L’obiettivo del gruppo, seguito da un videomaker, sarà quelli di salire alcune pareti e vette inviolate nella Graham Land, la parte della Penisola Antartica situata a nord di 66°S. In particolare, l’attenzione dei tre alpinisti sarà rivolta alla Trinity Peninsula, all’area del Gerlache Strait e alla Wiencke Island.

I campo base sarà lo yacht australe Ice Bird, dal quale i tre sbarcheranno per effettuare le esplorazioni e le scalate, gli spostamenti sulla terra ferma avverranno con gli sci.

Ricerca scientifica

Durante la spedizione verrà svolta un’attività scientifica, nell’ambito della collaborazione di Marcello Sanguineti  con l’Istituto di Scienze Polari (ISP) del Consiglio Nazionale delle Ricerche (CNR), per lo svolgimento del progetto ECO AS:TRA (Emerging COntaminants in Antarctic Snow: sources and TRAnsport; PNRA18_00229) approvato per il finanziamento dal Programma Nazionale di Ricerca in Antartide.
Nell’ambito di tale progetto, Marcello, Gian Luca e Manrico effettueranno prelievi di campioni di neve a diverse quote. Poi, sullo yacht antartico Ice Bird, sottoporranno la neve prelevata, ormai ridotta allo stato liquido, a un processo di Estrazione in Fase Solida (SPE), che consentirà di portare in Italia i campioni per analisi ed elaborazione dati.
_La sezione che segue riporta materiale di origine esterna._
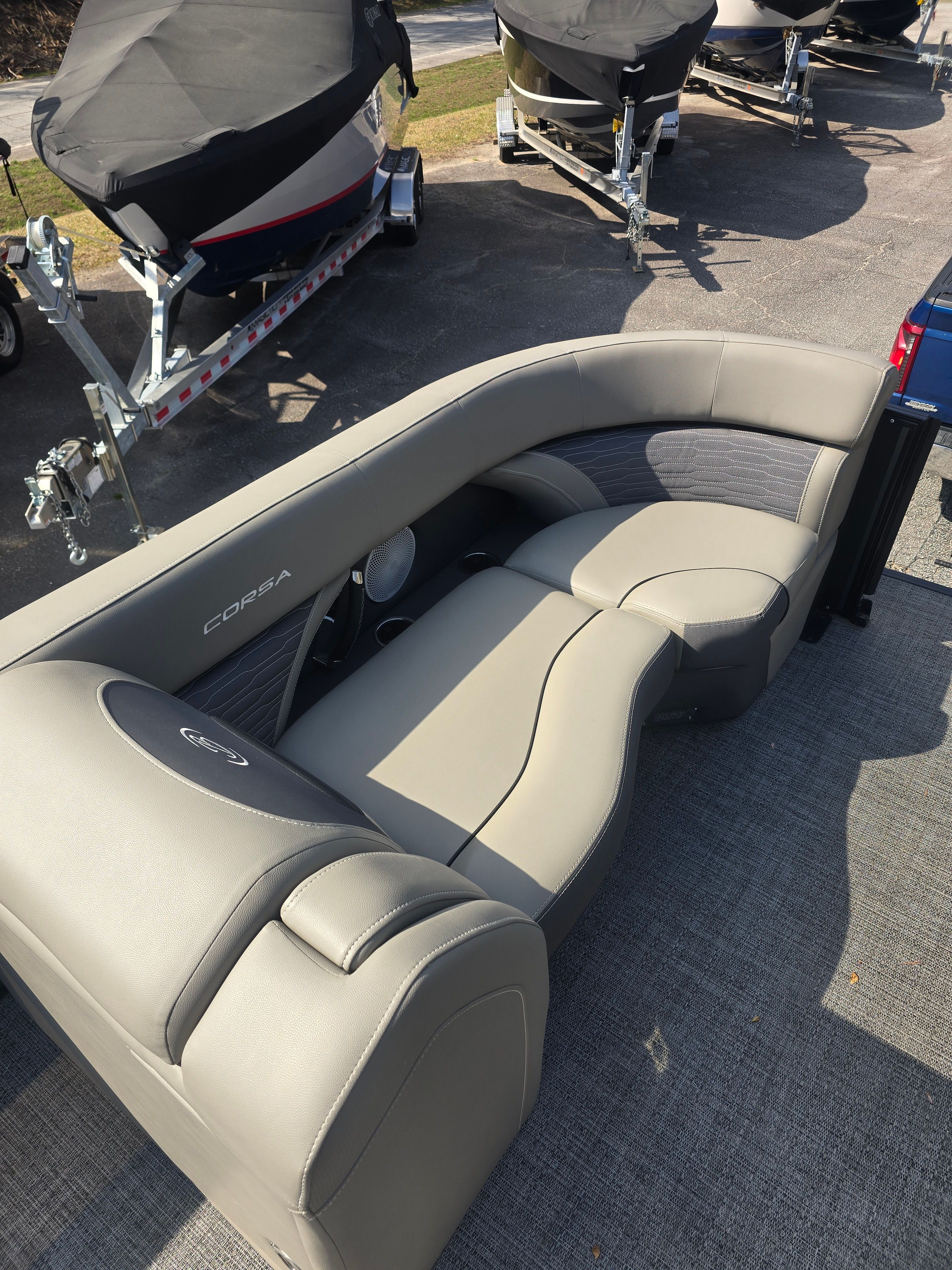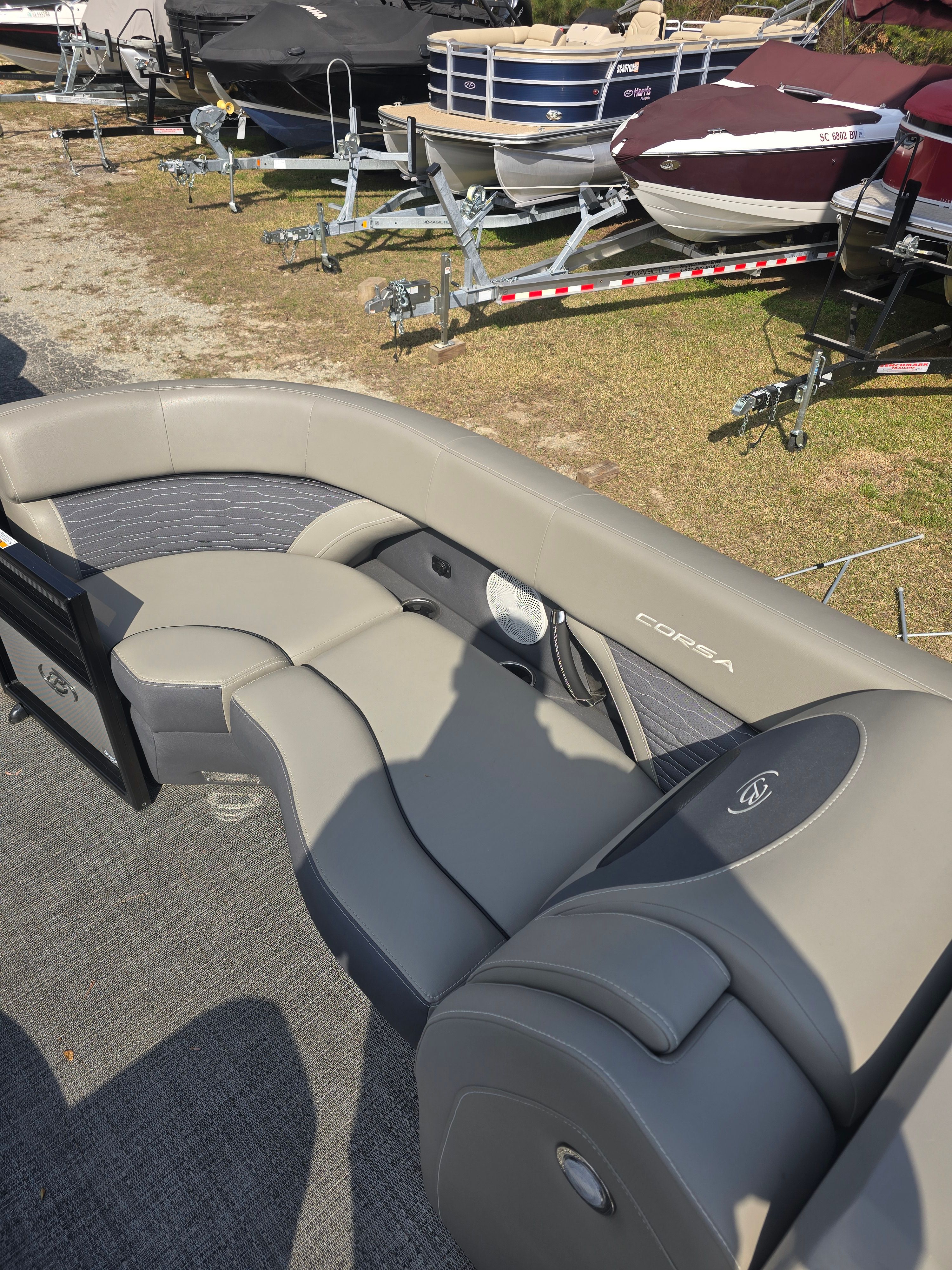 The Barletta Corsa 23UC is as practical as it is stylish. Its spacious design offers ample storage for all your gear, making it easy to bring along everything you need for a day of fun. The intuitive layout ensures that docking and maneuvering are straightforward, even in tight spaces. The efficient engine provides excellent fuel economy, allowing you to spend more time on the water and less time at the pump.This pontoon boat is perfect for a variety of activities, from leisurely cruises and family picnics to water sports and fishing trips. The versatile design adapts to your lifestyle, making it a smart investment for anyone looking to maximize their time on the water. With its blend of comfort, performance, and practicality, the Barletta Corsa 23UC stands out as a top choice among pontoon boats for sale.

L’obiettivo della ricerca è quello di studiare la presenza di contaminanti di nuova generazione nelle aree polari, analizzarne i meccanismi di trasporto e, successivamente, valutare le possibili ricadute in zone antropizzate.

I protagonisti

Marcello Sanguineti

Nato a Chiavari, Genova, è Istruttore Nazionale di Alpinismo e membro del Club Alpino Accademico Italiano (CAAI), di cui è stato Vice-Presidente del Gruppo Occidentale e dove fa parte della Commissione Tecnica, e socio Accademico del Gruppo Italiano Scrittori di Montagna (GISM).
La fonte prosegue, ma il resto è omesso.